Collaboration with other nonprofits: Some areas for collaboration between Liberty Asia and other nonprofits were noted while preparing for the Project Accelerator. For one, Xinyi and Duncan from Liberty Asia had previously conducted a survey with a nonprofit in a low-income neighborhood in Hong Kong. The survey aimed to identify root-causes of social immobility and ways to adjust the nonprofit’s programs to enable disadvantaged youth to reach their full potential. This was relevant to Walk Strong and its endeavour to conduct a survey. Immediately after the Project Accelerator, representatives of Liberty Asia and Walk Strong had a fruitful discussion over dinner, which included suggestions on how to ask sensitive questions.

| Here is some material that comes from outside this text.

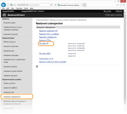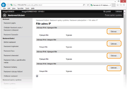 Pokud zadáte IP adresy nesprávně, může se stát, že nebude možný přístup do zařízení prostřednictvím vzdáleného uživatelského rozhraní. V takovém případě je třeba nastavit <Filtr adres IPv4> nebo <Filtr adres IPv6> na <Vypnuto>. Filtr adres IPv4 Filtr adres IPv6

For example, rather than asking if the respondent had ever been incarcerated, it was more likely to get response if they asked how many of the respondent’s acquaintances had been incarcerated. In addition, Liberty Asia’s case management platform appeared relevant to an existing DataCorps project—the DataCorps team had a follow-up discussion with Liberty Asia to evaluate the platform.

Get Involved

After the intense focus group sessions, each group shared a summary of discussions with the rest of the participants. Each nonprofit was able to access data science experts to get feedback and left with clear next steps on how to tackle their data challenges. It also allowed volunteers to apply their experience with data and data analysis to help nonprofits that are working to make our local communities stronger. We can’t wait to see what happens next with these organizations!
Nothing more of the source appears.